Closed leobxpan closed 6 years ago

leobxpan commented 6 years ago

Hi Benjamin,

I am very interested in your paper "Spatially-sparse convolutional neural networks", which was published in 2014, and I am currently re-implementing your network for CIFAR-10 (I am currently implementing the "vanilla" sparse convnet without using fractional max pooling). While I have encountered several implementation problems, and since I failed to find a valid email address of you, I therefore posted my questions here. I am sorry for the inconvenience.

  1. In your paper you said that you designed a DeepCNiN (5, 300) network for this CIFAR-10 problem, which should have the following architecture:
Input - 300C3 - MP2 - 300C1 - 
          - 600C2 - MP2 - 600C1 -
          - 900C2 - MP2 - 900C1 - 
          - 1200C2- MP2 - 1200C1 -
          - 1500C2- MP2 - 1500C1 - 
          - 1800C2- 1800C1 - Softmax - Output

But in your code posted here, I found that you actually called addLeNetLayerROFMP (which first adds a Conv layer, then a NiN layer and then a ROFMP layer, whose order is different from that proposed in your paper) for 12 times and then addLeNetLayerMP for 2 times, finally a Softmax layer (the number of layers is also different). Since this architecture is different from the one you proposed in your paper, I wonder which one did you finally adopt and can yield the best result (or the result posted in your paper)?

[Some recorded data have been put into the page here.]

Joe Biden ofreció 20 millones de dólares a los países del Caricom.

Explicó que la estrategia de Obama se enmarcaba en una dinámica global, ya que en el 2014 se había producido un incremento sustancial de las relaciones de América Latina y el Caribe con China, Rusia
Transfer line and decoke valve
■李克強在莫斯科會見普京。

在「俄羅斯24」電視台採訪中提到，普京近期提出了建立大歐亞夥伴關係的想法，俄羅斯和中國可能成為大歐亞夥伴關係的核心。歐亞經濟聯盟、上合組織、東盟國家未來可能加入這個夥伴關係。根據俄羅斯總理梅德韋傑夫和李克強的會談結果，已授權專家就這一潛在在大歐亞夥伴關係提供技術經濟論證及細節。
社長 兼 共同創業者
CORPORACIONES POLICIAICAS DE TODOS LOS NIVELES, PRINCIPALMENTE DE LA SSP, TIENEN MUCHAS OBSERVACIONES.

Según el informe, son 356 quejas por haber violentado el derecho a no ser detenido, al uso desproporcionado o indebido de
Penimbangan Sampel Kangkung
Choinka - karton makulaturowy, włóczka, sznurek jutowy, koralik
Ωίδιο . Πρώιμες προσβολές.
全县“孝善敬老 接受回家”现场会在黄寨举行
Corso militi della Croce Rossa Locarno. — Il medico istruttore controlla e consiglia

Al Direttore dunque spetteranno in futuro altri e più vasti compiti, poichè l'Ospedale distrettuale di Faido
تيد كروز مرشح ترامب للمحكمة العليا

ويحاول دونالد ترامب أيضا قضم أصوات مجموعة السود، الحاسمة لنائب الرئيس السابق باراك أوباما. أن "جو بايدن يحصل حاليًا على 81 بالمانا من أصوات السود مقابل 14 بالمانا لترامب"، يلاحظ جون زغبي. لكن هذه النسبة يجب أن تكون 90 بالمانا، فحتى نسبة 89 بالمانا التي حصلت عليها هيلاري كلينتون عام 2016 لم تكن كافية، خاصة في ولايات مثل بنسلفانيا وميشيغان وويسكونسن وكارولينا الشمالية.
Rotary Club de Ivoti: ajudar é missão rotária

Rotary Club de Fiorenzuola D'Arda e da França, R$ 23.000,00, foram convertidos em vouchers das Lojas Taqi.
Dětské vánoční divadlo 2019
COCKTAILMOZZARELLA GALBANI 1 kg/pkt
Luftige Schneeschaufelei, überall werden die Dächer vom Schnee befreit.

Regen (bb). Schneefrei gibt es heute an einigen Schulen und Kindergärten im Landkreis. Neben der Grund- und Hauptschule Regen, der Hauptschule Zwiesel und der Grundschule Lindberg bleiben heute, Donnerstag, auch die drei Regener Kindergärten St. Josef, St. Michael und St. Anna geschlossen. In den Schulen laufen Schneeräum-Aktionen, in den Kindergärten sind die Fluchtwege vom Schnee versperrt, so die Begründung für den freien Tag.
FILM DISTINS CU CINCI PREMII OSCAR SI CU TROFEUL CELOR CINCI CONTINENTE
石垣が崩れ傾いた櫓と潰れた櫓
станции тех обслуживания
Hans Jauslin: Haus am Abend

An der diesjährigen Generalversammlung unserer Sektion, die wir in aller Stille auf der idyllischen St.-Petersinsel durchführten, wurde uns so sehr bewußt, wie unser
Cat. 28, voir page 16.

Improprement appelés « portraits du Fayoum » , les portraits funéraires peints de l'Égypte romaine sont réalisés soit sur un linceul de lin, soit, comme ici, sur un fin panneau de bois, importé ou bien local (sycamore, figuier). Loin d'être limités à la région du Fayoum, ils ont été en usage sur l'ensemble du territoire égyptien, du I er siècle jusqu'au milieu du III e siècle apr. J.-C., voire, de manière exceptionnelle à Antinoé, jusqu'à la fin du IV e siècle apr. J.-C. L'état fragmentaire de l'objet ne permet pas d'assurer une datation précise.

  1. I wonder what is the initialization method that you used for the weight and bias (e.g. Gaussian distribution)? I didn't really find your code for this.

Thank you for your patience and help.

btgraham commented 6 years ago

https://github.com/btgraham/SparseConvNet/blob/master/SparseConvNet/cifar10.cpp relates to https://arxiv.org/abs/1412.6071 which is not currently implemented in this repo.

If you are interested in CIFAR-10 I recommend you start with something like: https://github.com/liuzhuang13/DenseNet

Regards Ben

fengxiuyaun commented 6 years ago

@btgraham Hi, I am very interested in your paper "Spatially-sparse convolutional neural networks",too. But I don't know how to implement the network that trains Imagenet data by using “ facebookresearch/SparseConvNet”, beacuse of the fact how images are as the input of networks.